I must disagree, though, about it being better than celebrating Queen Victoria. She was a tough old bird and it brings me immense joy to celebrate her birthday each spring. Too rarely do we, as a society, fete a woman who was not beautiful or married to a more powerful man.
I love Victoria Day (here in Québec it has been renamed "La Fête des Patriotes", commemorating the participants in the failed 1837 uprising, but nobody really pays attention to the name) - I love it because in many regions here, it is the weekend considered safe to plant bedding plants. Though I've been able to flower my balconies even earlier in recent years. Marché Jean-Talon and other public markets are full of flowers that time of year and it is so pretty after our long winters.

Valentiger has been a happy day for many, as it has been an opportunity to combine Valentine's with the Lunar New Year and kick off the Year of the Tiger, which is more collective and familial by its very nature.

Valentine's Day always made me very sad, whether or not I was in a romantic relationship (currently one of those "long-distance" ones, often more virtual than real)... But it has been so unseasonably sunny and mild that the February blues have little hold.

The Pilgrim settlers in New England could never have survived without the skills of the Indigenous peoples of the region, and the same holds for French settlers here. That is what I find most important to celebrate or commemorate.

Someone, I hope you and your husband have a nice supper along with the Malbec. I'm being taken out for supper tonight by a very close friend; we are both setting off on trips soon but not to the same place.

Duchesse, I do confess I wish long-distance sweetie would buy me some earrings; they don't have to be diamond studs. He always gives me books and such; I suppose I should be glad he thinks I have a brain, but he is such a nerdy intellectual! Worse than I am!
Duchesse said…
Pseu: What a lovely round of connection and affection!

Metscan: Not at all! I too enjoy the excitement and pleasure of presenting a gift 'just because'.

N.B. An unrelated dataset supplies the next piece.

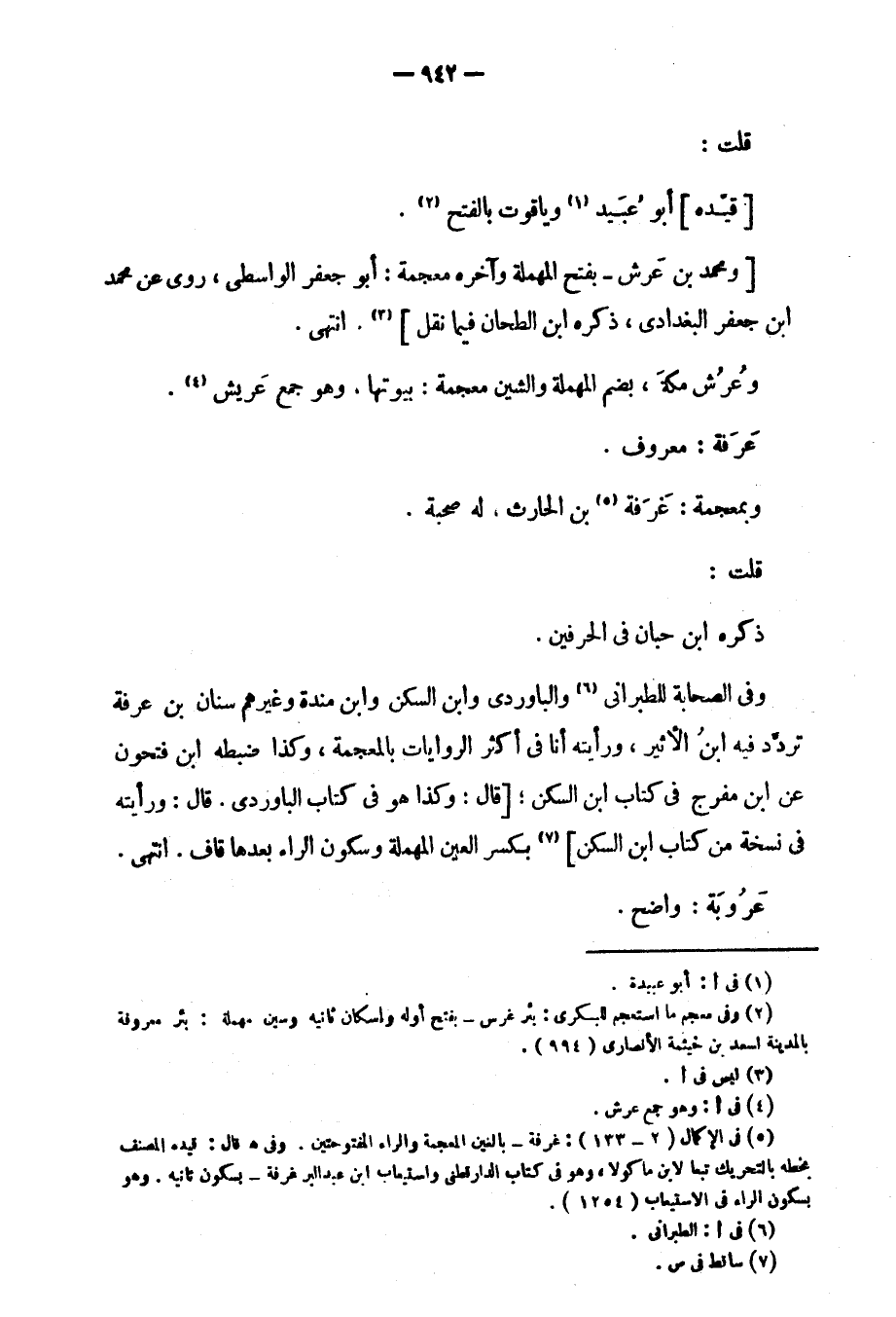 وفي الصحابة للطبراني والبارودي وابن السكن وابن مندة وغيرهم سنان بن عرفة تردد فيه ابن الأثير، ورأيته أنا في أكثر الروايات بالمعجمة، وذكا ضبطه ابن فتحون عن ابن مفرج في كتاب ابن السكن؛ قال: وكذا هو في كتاب البارودي. قال ورأيته في نسخة من كتاب ابن السكن بكسر العين المهملة وسكون الراء بعدها قاف. انتهى. في نسخة من كتاب ابن السكن بكسر العين المهملة وسكون الراء بعدها قاف. انتهى.

Anonymous: Yes, she's pretty great, especially compared to Lord Simcoe. This dates me.

lagatta: Any gift given with appreciation is treasured! I'm finding this Feb. holiday a bit odd- it's only since '07 that Ontario has celebrated it.

While most people (if one works for an organization) think "Well, a day off with pay is a gift", mid-Feb. in this city is not time to picnic or gather in a square for a concert!
Fritinancy said…
Dear Duchesse: Thanks so much for the mention! However, I must set the record straight. It was not I who "suggested rebranding Valentine's Day." The assignment came from Studio 360, the public-radio show, and was executed by Under Consideration, a design agency in Austin, Texas. I was simply sharing the news. Read all about it on the Under Consideration blog: http://bit.ly/bfI0fj
Frugal Scholar said…
Wonderful as always. We have Presidents Day today (USA); maybe I'll adopt some of the Canadian holidays. (It's also Lundi Gras). And, as for Lagatta, I have a guy like that too--he would buy me diamond earrings IF I ASKED HIM TO. But he would never do it if I didn't. It's OK.
dana said…
Thanks again, Duchesse! I'm noticing the repurposing requirement this year. Daughter's in first grade, and I insist she send a valentine to everyone, that it's about friendship and appreciation. And at home, the guys, age 3, are getting it. We had a bang up Valentine's Day. Started with waffles with raspberries and whipped cream, gifts of candy, and a new book (Love, Splat). And then the same again from grandparents!